The online movie provider’s “Burn to DVD” service debuted on July 19, 2006, with more than 100 movies available, including “Scent of a Woman,” “About a Boy,” “Charlie’s Angels: Full Throttle” and “Barbershop.” Previously, Hollywood movies purchased through CinemaNow could be watched on a PC but not transferred to DVD. Studios have been reluctant to offer movies for at-home DVD copying because of piracy concerns. However, the development of more secure technology has eased the fears of an industry looking toward digital distribution as a way to generate revenue amid rising manufacturing and retail costs.
CinemaNow sells mainstream films starting at $8.99. The offerings contain all the features of their store-bought counterparts, including boosted sound settings, interactive menus, deleted scenes, commentaries and other extras. The high-quality downloads deliver a product nearly identical to the DVDs consumers find in retail stores.

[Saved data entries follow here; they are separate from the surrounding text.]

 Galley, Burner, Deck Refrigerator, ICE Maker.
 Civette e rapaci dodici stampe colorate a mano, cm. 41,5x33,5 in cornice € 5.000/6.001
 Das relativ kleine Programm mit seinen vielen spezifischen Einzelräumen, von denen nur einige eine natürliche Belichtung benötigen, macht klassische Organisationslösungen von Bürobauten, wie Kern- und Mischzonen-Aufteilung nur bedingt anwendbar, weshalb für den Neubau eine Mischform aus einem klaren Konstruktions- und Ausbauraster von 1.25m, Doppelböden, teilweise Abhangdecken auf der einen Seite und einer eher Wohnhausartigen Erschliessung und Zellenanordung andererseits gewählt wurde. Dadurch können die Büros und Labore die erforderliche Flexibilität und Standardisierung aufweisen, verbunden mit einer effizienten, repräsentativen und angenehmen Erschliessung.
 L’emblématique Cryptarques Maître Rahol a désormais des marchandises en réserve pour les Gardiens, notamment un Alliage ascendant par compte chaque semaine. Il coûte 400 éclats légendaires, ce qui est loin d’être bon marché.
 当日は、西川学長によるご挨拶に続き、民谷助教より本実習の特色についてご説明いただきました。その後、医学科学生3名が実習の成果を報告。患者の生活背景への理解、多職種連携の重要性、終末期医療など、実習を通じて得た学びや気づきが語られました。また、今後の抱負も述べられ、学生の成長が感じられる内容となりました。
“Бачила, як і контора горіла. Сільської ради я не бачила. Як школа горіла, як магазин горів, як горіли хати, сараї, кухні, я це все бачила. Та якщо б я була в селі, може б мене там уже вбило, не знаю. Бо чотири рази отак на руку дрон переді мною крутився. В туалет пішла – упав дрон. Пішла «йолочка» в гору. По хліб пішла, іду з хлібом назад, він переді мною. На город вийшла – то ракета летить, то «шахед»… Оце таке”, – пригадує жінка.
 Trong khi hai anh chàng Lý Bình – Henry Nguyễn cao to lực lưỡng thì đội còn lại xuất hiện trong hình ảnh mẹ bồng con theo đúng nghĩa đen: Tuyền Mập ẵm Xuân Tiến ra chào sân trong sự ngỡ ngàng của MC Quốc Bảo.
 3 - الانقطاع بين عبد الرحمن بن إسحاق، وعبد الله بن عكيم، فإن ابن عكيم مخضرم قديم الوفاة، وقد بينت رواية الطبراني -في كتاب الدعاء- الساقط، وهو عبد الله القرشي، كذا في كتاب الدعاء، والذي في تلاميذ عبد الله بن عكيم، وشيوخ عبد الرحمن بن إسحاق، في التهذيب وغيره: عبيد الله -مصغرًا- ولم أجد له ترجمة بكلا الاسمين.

Among the major Hollywood film distributors providing content for the service are The Walt Disney Co.’s Buena Vista Home Entertainment, Sony Corp.’s Sony Pictures Home Entertainment, MGM Worldwide Digital Media and Universal Studios Home Entertainment. Independents Lionsgate, EagleVision and Sundance Channel have also licensed films for home download and transfer to DVD.

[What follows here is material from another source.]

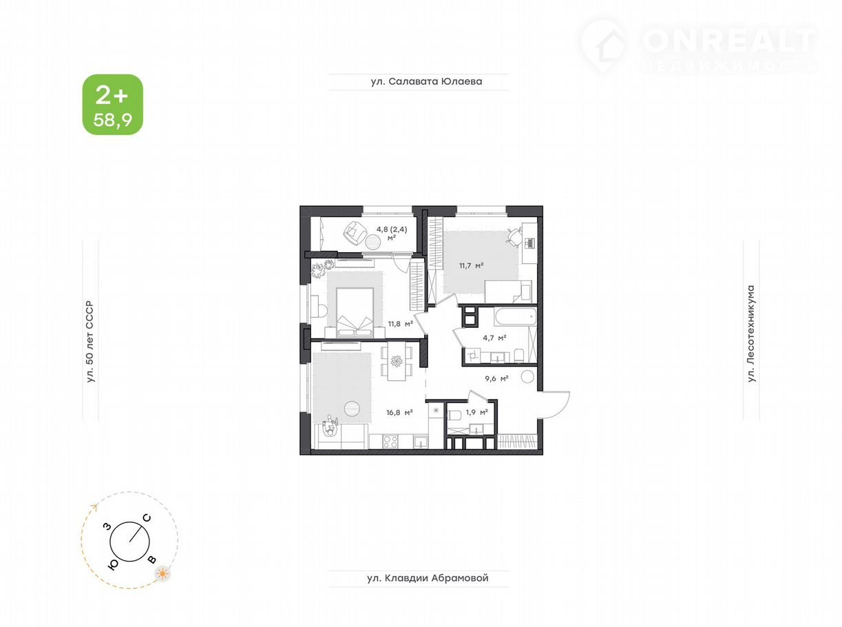 Общая площадь 58.9 м2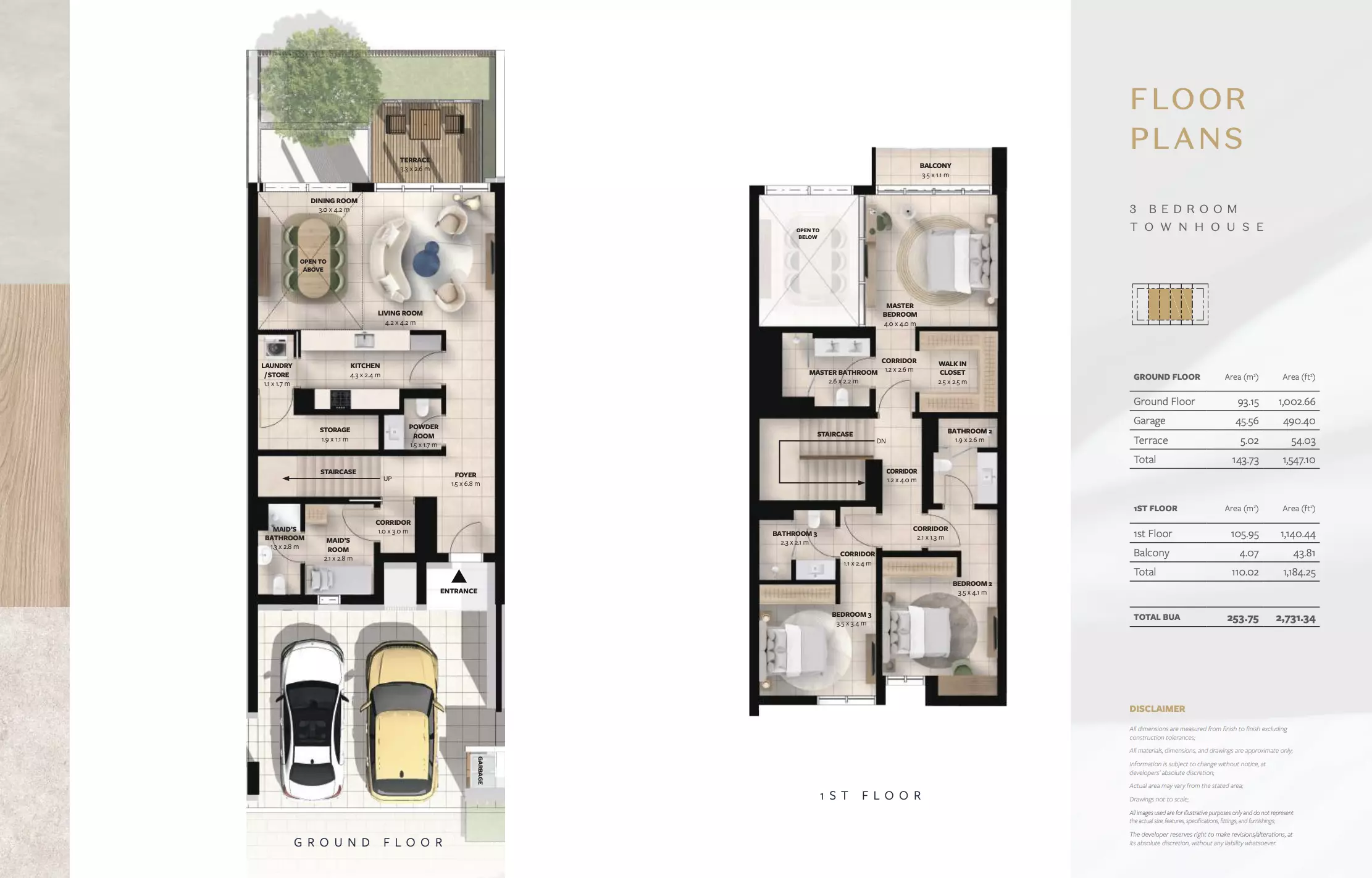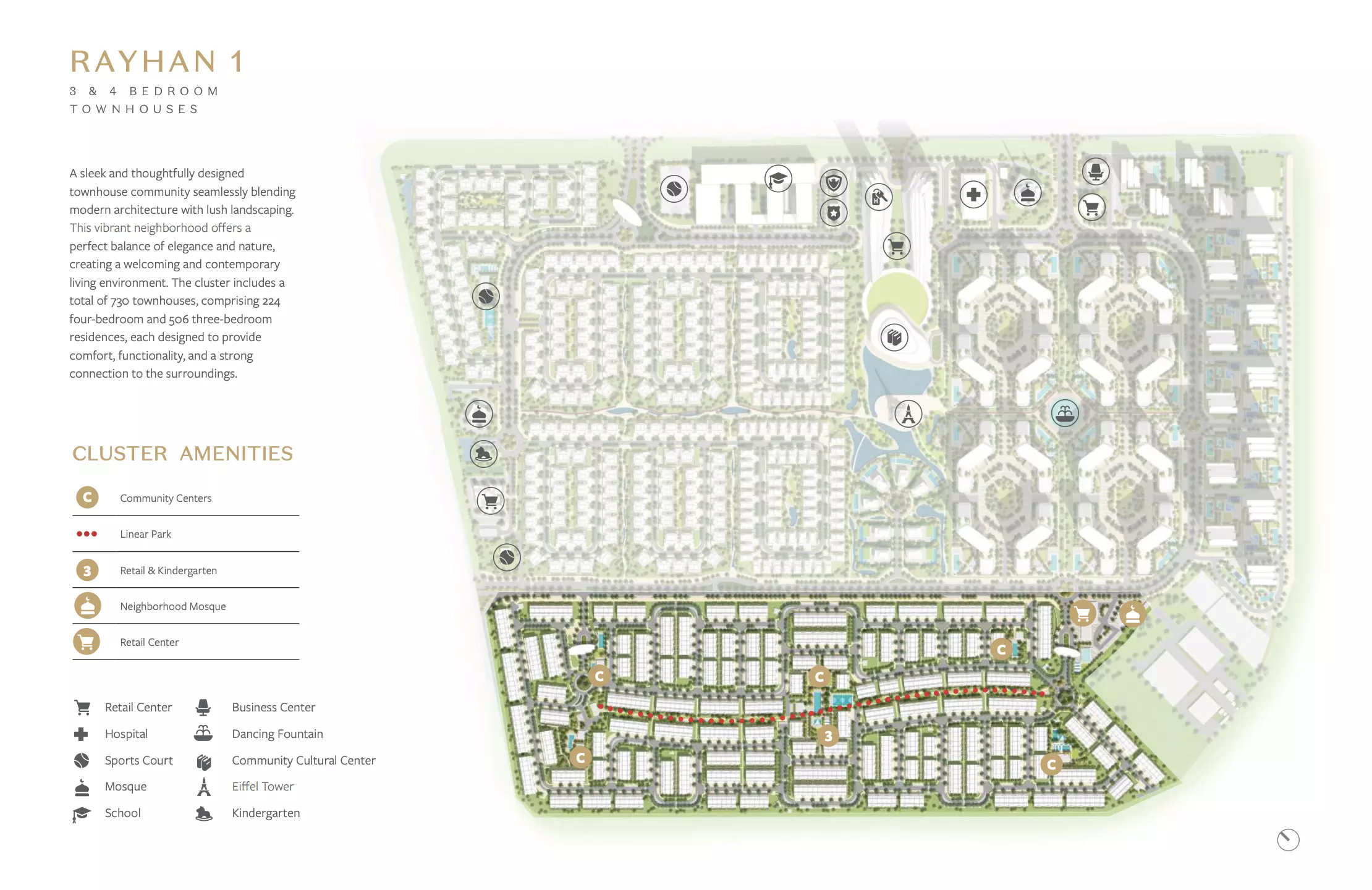 Rayhan offers two main townhouse options for potential buyers, each with specific unit sizes and starting prices. • 3-bedroom townhouse, starting at AED 2,691,100, with a built-up area beginning from 2,731 square feet. This layout is suitable for medium-sized families or individuals seeking extra living space. • 4-bedroom townhouse, which starts at AED 3,063,000 and features a minimum built-up area of 2,943 square feet. These units are designed to accommodate larger households or those who prefer additional rooms for work or leisure. Rayhan’s townhouse units combine modern layouts with ample living space, appealing to a variety of homeowners.

Man Accused of Hijacking ‘World Trade Center’ Script
Paramount Pictures has sued a New York artist for copyright infringement, claiming that the man used a “bootleg script” to create a knockoff version of director Oliver Stone’s film on the September 11 attacks, “World Trade Center.” The studio contends in a federal lawsuit that Chris Moukarbel, 28, somehow obtained a copy of the screenplay for “World Trade Center” and used the script as the basis for a 12-minute film that mirrors “a significant portion” of Stone’s work. Paramount’s complaint charged that Moukarbel’s film, like Stone’s production, centers around a pair of rescue workers trapped in debris following the collapse of the towers.

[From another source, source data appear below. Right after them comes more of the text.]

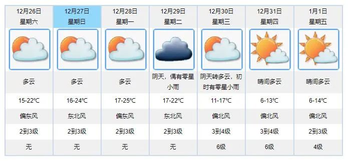 今天,多云到晴,气温15到21度;早晚寒凉,注意适时添减衣物。预计26至28日多云为主,气温逐日缓升,体感清凉舒适;29日云量增多,偶有弱降水;展望30日起,受新一股冷空气影响,气温骤降,届时风力加大,天气再次转冷。近期森林火险等级高,注意用火用电安全。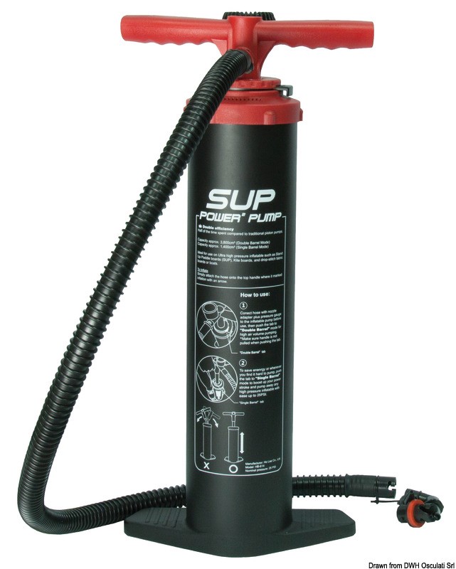 Asse centrale in alluminio. Funziona a doppio flusso oppure a flusso semplice dove sia necessaria alta pressione (max 1,72 BAR/25 psi) per fondi gonfiabili dei gommoni o SUP. Completo di manometro 25 psi.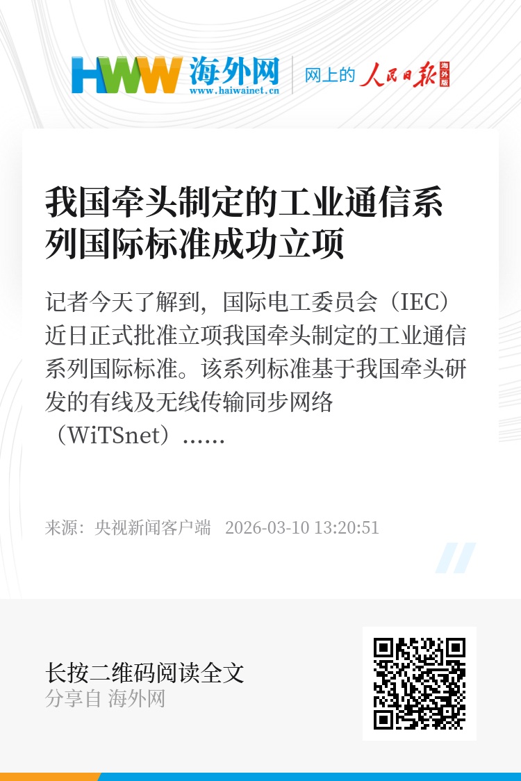 WiTSnet工业通信系列国际标准的成功立项,标志着全球产业界对我国在工业网络领域开辟的新技术路径的高度认可,对提升制造业自主可控能力、优化产业链协同、推动制造业数智化转型具有重要意义。(总台央视记者 李晶晶)
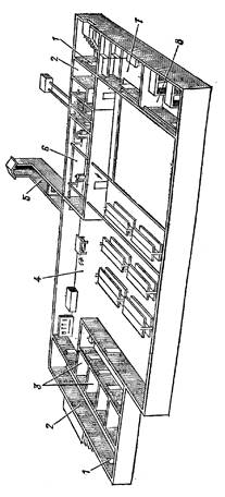 1 – защитно-герметические двери; 2 – шлюзовые камеры; 3 –санитарный узел; 4 – помещение для отдыха людей; 5 – аварийный выход; 6 – фильтровентиляционная камера; 7 – медпункт; 8 – кладовая для продуктов

Included in the studio’s June 16, 2006 complaint were nine pages from the ‘World Trade Center’ screenplay that Paramount contends were used by Moukarbel for his unnamed work, which he posted online (but had since removed). Additionally, the studio prepared a side-by-side comparison to highlight similarities between the two films. The Paramount complaint, which does not specify monetary damages, seeks a permanent injunction barring Moukarbel from distributing his film. In a statement, Moukarbel said that the film was produced as part of his Yale University master’s thesis and that he never intended to profit from it.